The Astronaut Scholarship Foundation was created to ensure that the United States would maintain its leadership in science and technology by supporting some of the very best science and engineering college students. The Astronaut Scholarship, created in 1984 to honor the Mercury 7 astronauts, provides $10,000 award to students in math, science, and engineering. 

Photo provided by Jacob Florian, 2020

Jacob, a Chemical Engineering major, said he only had a vague idea of wanting to pursue a research career in engineering when he first arrived at U-M, but his time in Professor Bryan Goldsmith's computational catalysis lab made it clear that was where his passions lay.  "I saw that a research career can be meaningful and interesting when I am solving hard problems with a possibility for a real impact," he says. "Because this was also a collaboration with experiments, I saw how theory and experiment can complement each other and answer challenging research questions."

During his undergraduate career thus far, Jacob has also completed a summer REU with Nobel Laureate Dr. Arieh Warshel at the University of Southern California and was an Amgen Scholar with Dr. Cynthia Friend at Harvard. 

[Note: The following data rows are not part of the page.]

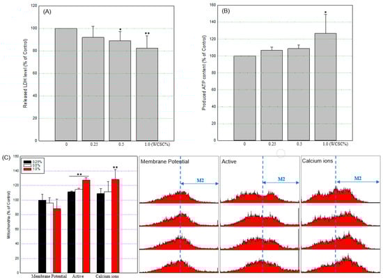 Cells initiate autophagic signals to maintain energy homeostasis, along with clearance of damaged organelles, and LDH catalyzes the reversible conversion of pyruvate to lactate in anaerobic conditions. In this study, the released LDH level decreased in a concentration-dependent manner, and the level was 91.9 ± 9.8%, 89.1 ± 8.1%, and 82.4 ± 10.9% of the control in cells exposed to 0.25%, 0.5%, or 1% WCSC, respectively (Figure 5A). While produced total ATP content (Figure 5B), active mitochondria (Figure 5C), and mitochondrial calcium ions (Figure 5C) tended to increase, compared to the control (126.5 ± 22.6%, 127.5 ± 3.3%, and 128.2 ± 13.6% of the control, respectively, at 1% WCSC), mitochondrial membrane potential (Δψ) tended to decrease with WCSC concentration (Figure 5C).
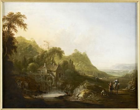 FIGURES AND TRAVELLERS BY A WATERMILL
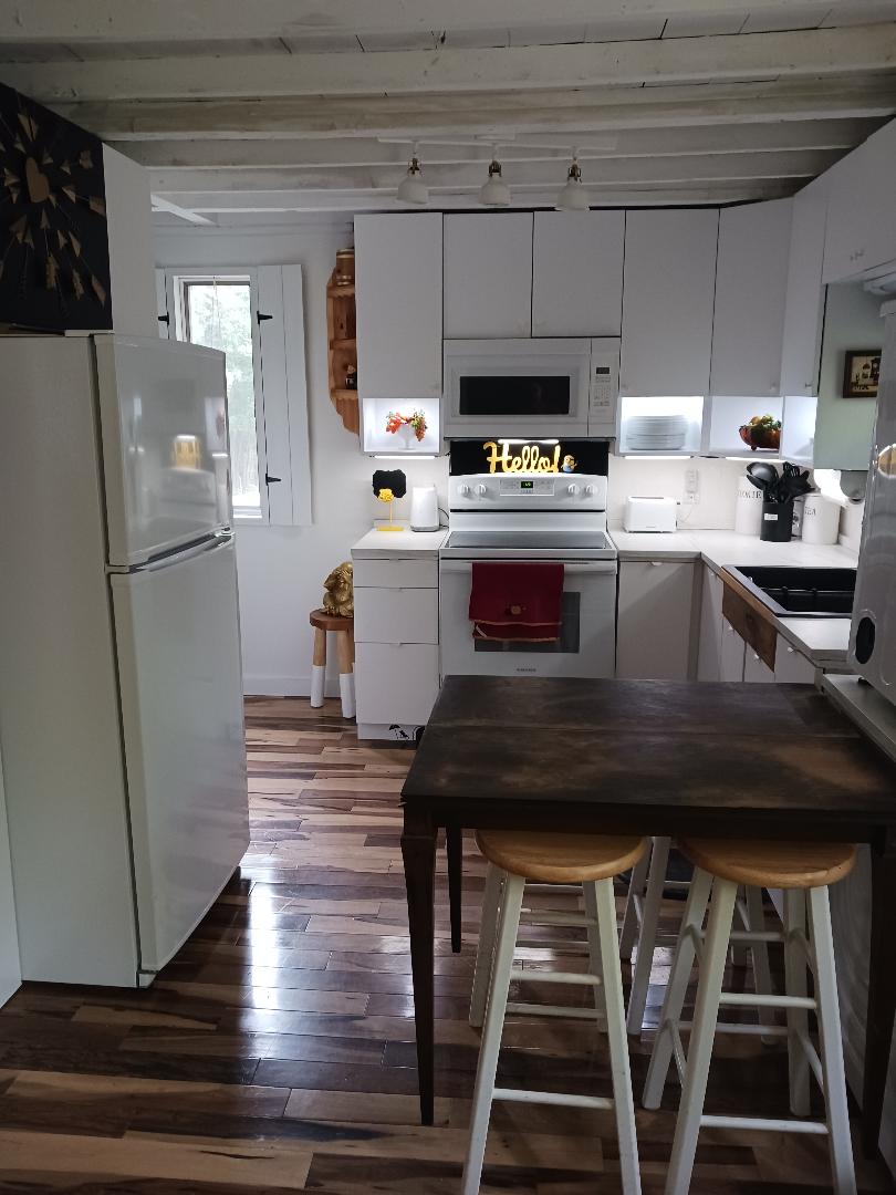 Deer Haven es una casa pequeña (192 pies cuadrados) ubicada en mi patio trasero, con vistas a acres de bosque. El espacio es pequeño y sencillo. Llega a la cama tamaño queen en el loft para dormir subiendo la escalera. El baño tiene un inodoro y una ducha de tanque de almacenamiento. La cocina cuenta con servicios básicos: nevera, microondas, placa eléctrica, plancha, platos, etc. El mejor lugar de la casa es el sofá, donde se puede ver la chimenea y los preciosos bosques por la puerta del patio.

In addition to the $10,000 award, the Astronaut Scholarship also provides recipients an expense paid trip to Washington, D.C. for the Innovators Gala featuring the Neil Armstrong Award of Excellence; the opportunity to present their research at the Scholar Technical Conference; the opportunity to participate in the Michael Collins Family Professional Development Program; and membership in the Astronaut Scholar Honor Society with mentoring from senior scholars, research industry executives, or NASA astronauts.